К ночи Фелиция успокоилась и, узнав меня, с содроганием спросила, не говорила ли она чего-нибудь во сне, и когда я ей ответил отрицательно, она спокойно уснула.
Через несколько дней она поправилась, но это было только относительным выздоровлением: лихорадка не покидала ее и хотя была менее острой, но продолжалась беспрерывно. Моргани уверял, что это состояние нормально у людей, обладающих таким исключительным пульсом. Будучи более внимательным, чем он, я заметил в ней усиленное возбуждение и с тех пор решил заняться, насколько возможно, исправлением ее нравственности.

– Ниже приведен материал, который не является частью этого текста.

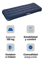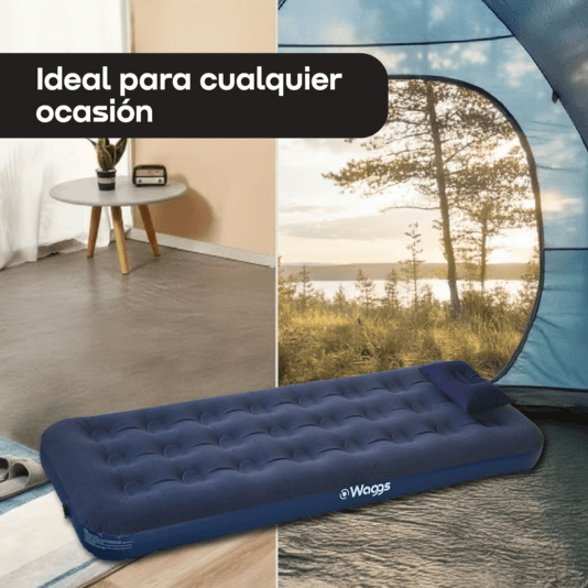 ¿Tenés invitados en casa o estás planeando una escapada al aire libre? El colchón inflable Waggs COLI01 es la solución ideal que combina comodidad, resistencia y practicidad en un solo producto. Diseñado para ofrecer un descanso reparador donde sea que estés, este modelo es un básico indispensable para el hogar o el camping.

Искупление было достаточно; оно было слишком тяжело, так как подвергало опасности ее жизнь. Перелом был полный. Я не желал подвергать Фелицию мучениям на всю жизнь за один год ее преступной любви. Тонино хорошо понял мое презрение к нему и, будучи слишком трусливым, не решался более ничего предпринимать против меня. Моя несчастная жена, следовательно, была свободна от него. Сознание, что за это она должна будет расплатиться деньгами, было для жестоким и суровым уроком. Но тем не менее мой долг состоял в том, чтобы вылечить эту больную душу. Сперва надо было, не заставляя ее сильно страдать, довести до раскаяния и предоставить ей более достойное будущее. Так как мое негодование прошло, а моя честь была удовлетворена, то я весь проникся сожалением и терпеливо ждал.

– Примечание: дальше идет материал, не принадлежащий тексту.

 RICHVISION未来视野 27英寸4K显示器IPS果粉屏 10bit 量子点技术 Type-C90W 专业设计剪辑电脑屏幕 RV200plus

Сначала я размышлял, будет ли полезным для Фелиции объяснить ей роль, которую я играл.
Но вскоре я заметил, что этим возбудил бы только вновь ее раскаяние. При мысли о том, что я знаю о ее ошибке, она испытывала такой ужас, что, казалось, могла умереть, если бы мне не удалось разубедить ее. Для этой женщины, в которой рассудок постоянно боролся со сладострастием, было бы слишком тяжело выносить мое презрение. Мне казалось, что Фелиция не перенесла бы такого несчастья. Я думал, что она не могла даже представить себе ужас такого положения, потому что ее было так легко убедить в моем неведении!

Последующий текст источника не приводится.